That by suggestion you can make a man notice what he would otherwise overlook is a strictly normal and familiar fact. Much, if not all, of that marvelous acuteness of senses which is often shown by hypnotic subjects seems, in the opinion of many observers, to be only a case of this directly or indirectly suggested concentration of attention upon his own fainter experiences on the part of the hypnotized subject. And so far the anomalies of hypnotism would seem to be related only to the peculiar conditions under which the hypnotic subject is influenced, and to the extraordinary source of the influence, which is here not, as normally, the authority of society in general, but the voice of his hypnotizer. Yet, in addition, it is indeed true that, in case of hypnotism, there also appear certain other aspects of the imitative functions aspects which, in the case of the normal social influences, may also be present, and which probably are present, but which are there masked by their more obvious and conscious accompaniments; while, in case of the hypnotic subject, these other aspects come to light. Hypnotic suggestion, namely, is found to influence not only the acuteness of one’s perceptions and the course of one’s conscious habits, but the performance of a good many bodily functions that usually seem to have small relation to the will. Circulation, digestion, and general functional nervous conditions of a decidedly manifold sort, have been found to be more or less subject to hypnotic suggestion. To be sure, this sort of influence is seldom without very decided limits, which vary endlessly from person to person. But the fact remains that, in a given person, the imitative plasticity which leads him to follow out so faithfully the ideas which his hypnotizer suggests may lead him also to alter relatively deep and unconscious organic functions, such as he has never explicitly learned to influence by his will, and such as, normally, neither he nor his fellows would be aware of influencing. Yet, as many considerations make probable, what the hypnotic experiment thus brings to light cannot well be anything new in kind. Doubtless our organisms are at all times deeply plastic to suggestions; only this plasticity, on account of the complexity of our normal functions, remains masked until the hypnotic experiment, working upon a much simplified state of affairs, brings it to light.
But if our imitativeness thus actually extends far beyond the region of our conscious and voluntary life, one sees at once that one has to do with functions the basis of which probably lies deep down among the inborn and instinctive tendencies of our nature. And of such probably instinctive and original imitativeness childhood gives us many indications. For children often appear to sympathize imitatively with the expressed emotions of their elders even when there is no adequate basis in the previous childish experience for the emotions in question. A young child, taken unkindly to a funeral, or forced by unhappy fortune to witness one in the family, has suggested to him, in the faces and behavior of his elders, emotions of a depth and intensity for which his own experience can give no basis. These elders themselves know why they sorrow. The young child knows very dimly, or perhaps realizes not yet at all, why death is what it is, and means what it does. Yet sometimes he shows on such occasions an overwhelming sense of the horror of the situation, a sense which people usually refer to his direct and inborn dread of death and of his surroundings. There is, in fact, probably present some such original instinct concerning death; but very likely this instinct does not account for the whole of the child’s horror, or yet perhaps for the larger part of it. This larger part is probably due rather to a contagion of emotion, the origin of which lies in another instinct—that of imitation. The child, without consciousness of the reason, assumes, by instinctive imitation, the expressive bodily states and attitudes of his elders, and accordingly, since our emotions are, in part at least, the results rather than the causes of our bodily states of emotional expression,1 the child, having imitated the organic expression, consequently in some measure imitates the emotion, without at all well comprehending why the emotion ought to be felt. If everybody else at the funeral conspired with his fellows to seem gay and to talk merrily, it is unlikely that the child’s own original instincts about death would be enough to terrify him. He would then very likely look at the corpse rather with wonder than with horror.

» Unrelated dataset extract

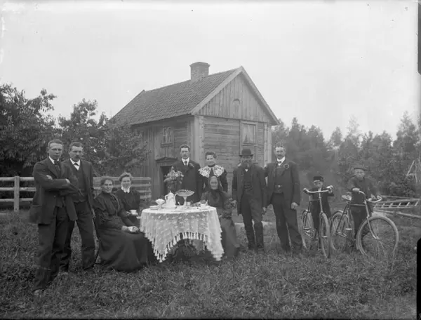 - Någon av männen är Carl August Ljunggren från Smedjegatan 26 i Jönköping, son till det äldre paret som är f d soldaten Johan August Ljunggren och hans hustru Anna Karin Blixt. Övriga sannolikt barn och barnbarn. Möjligen foto i samband med de äldres 45-åriga bröllopsdag.

Just so, too, it is in youth, or even throughout life, so long as we retain any freshness of sympathetic experience. With the aid of certain deep and instinctive tendencies to assume imitatively the bodily attitudes or the other expressive functions of our fellows, functions which may be in part internal as well as external, we are able to share the emotions of others even when these emotions relate to matters that lie far beyond our own previous experience. When one first witnesses a serious accident, or attends another through a painful illness, or sees a friend suffering from some tremendous personal grief, one gets a sense of what this calamity means—a sense which may far transcend one’s power to recall similar experiences in one’s own life. There are some people, to be sure, who sympathize, like the maids of Andromache when she parted from Hector, or like the comforters of Gudrun when she sat tearless over Sigurd’s body, or like Polonius himself, only by recalling, in the sufferer’s presence, their own present or past griefs. “Truly, I in youth suffered many things of love—very near this.” But such sympathy is not the only sort or the most spontaneous. The emotions of the theater carry the sensitive spectator, especially when he is young, far beyond any memory of his own experiences. Notice such a spectator, and you will see him imitating unconsciously, by play of feature, or possibly even by gestures of hands, arms, or body, the actor whose skill absorbs him. But meanwhile, through this imitation, he is experiencing something of emotions before unknown to him—the sorrows of Lear, the remorse of Macbeth, the agony of Othello. To him these experiences seem as novel as if they had been original happenings in his own life. Such are the quasi-hypnotic suggestions of the stage. They often give us, as we say, wholly new insights into life.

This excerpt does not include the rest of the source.